Repeat precisely the span of lines below that opens with the line containing "Nestled at the" and closes with the line containing "Skills you'll gain: Excel", both included.

#### DATA EXTRACTS:
-- Opening Marker --

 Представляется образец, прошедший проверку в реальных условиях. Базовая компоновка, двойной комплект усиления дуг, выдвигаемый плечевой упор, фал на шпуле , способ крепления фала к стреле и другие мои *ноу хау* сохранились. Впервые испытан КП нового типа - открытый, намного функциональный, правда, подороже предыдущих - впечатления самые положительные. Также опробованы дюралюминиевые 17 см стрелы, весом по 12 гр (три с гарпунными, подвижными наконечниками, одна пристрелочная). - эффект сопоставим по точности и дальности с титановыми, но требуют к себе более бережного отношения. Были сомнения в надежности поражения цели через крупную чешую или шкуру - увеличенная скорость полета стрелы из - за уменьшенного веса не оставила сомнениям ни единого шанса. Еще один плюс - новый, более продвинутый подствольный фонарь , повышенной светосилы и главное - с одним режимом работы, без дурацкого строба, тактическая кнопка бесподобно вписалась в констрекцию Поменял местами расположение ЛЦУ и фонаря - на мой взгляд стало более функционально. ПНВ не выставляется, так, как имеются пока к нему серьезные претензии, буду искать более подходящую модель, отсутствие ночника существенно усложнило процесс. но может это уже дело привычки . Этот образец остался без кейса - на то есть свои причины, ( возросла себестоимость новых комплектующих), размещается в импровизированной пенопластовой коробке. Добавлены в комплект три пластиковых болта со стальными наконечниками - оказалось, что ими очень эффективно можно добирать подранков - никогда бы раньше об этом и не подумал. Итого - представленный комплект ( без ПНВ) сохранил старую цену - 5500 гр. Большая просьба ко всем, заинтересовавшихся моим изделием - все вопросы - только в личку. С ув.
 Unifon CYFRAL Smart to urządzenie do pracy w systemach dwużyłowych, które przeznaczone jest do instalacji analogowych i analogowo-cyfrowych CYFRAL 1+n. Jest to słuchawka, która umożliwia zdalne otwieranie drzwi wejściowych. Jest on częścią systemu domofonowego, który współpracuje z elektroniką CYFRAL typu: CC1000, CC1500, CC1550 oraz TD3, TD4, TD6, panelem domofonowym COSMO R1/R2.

-- Closing Marker --
-- Opening Marker --

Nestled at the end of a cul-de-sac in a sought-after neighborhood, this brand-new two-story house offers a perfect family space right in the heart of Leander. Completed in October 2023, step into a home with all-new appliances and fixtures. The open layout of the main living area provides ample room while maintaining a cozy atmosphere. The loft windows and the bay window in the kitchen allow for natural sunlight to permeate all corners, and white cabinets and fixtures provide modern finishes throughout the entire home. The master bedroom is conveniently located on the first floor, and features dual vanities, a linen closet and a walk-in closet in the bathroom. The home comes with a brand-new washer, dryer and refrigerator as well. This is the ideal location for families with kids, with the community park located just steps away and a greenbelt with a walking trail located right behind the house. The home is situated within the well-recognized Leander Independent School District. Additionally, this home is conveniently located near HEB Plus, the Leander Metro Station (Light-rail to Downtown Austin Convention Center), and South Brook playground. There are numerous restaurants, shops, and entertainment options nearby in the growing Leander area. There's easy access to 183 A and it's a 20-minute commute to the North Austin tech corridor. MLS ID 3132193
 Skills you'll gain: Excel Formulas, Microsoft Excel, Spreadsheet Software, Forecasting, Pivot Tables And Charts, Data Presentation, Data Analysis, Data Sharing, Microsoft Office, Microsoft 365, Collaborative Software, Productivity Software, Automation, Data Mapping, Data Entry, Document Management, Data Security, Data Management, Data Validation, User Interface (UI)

-- Closing Marker --

#### OUTPUT:
Nestled at the end of a cul-de-sac in a sought-after neighborhood, this brand-new two-story house offers a perfect family space right in the heart of Leander. Completed in October 2023, step into a home with all-new appliances and fixtures. The open layout of the main living area provides ample room while maintaining a cozy atmosphere. The loft windows and the bay window in the kitchen allow for natural sunlight to permeate all corners, and white cabinets and fixtures provide modern finishes throughout the entire home. The master bedroom is conveniently located on the first floor, and features dual vanities, a linen closet and a walk-in closet in the bathroom. The home comes with a brand-new washer, dryer and refrigerator as well. This is the ideal location for families with kids, with the community park located just steps away and a greenbelt with a walking trail located right behind the house. The home is situated within the well-recognized Leander Independent School District. Additionally, this home is conveniently located near HEB Plus, the Leander Metro Station (Light-rail to Downtown Austin Convention Center), and South Brook playground. There are numerous restaurants, shops, and entertainment options nearby in the growing Leander area. There's easy access to 183 A and it's a 20-minute commute to the North Austin tech corridor. MLS ID 3132193
 Skills you'll gain: Excel Formulas, Microsoft Excel, Spreadsheet Software, Forecasting, Pivot Tables And Charts, Data Presentation, Data Analysis, Data Sharing, Microsoft Office, Microsoft 365, Collaborative Software, Productivity Software, Automation, Data Mapping, Data Entry, Document Management, Data Security, Data Management, Data Validation, User Interface (UI)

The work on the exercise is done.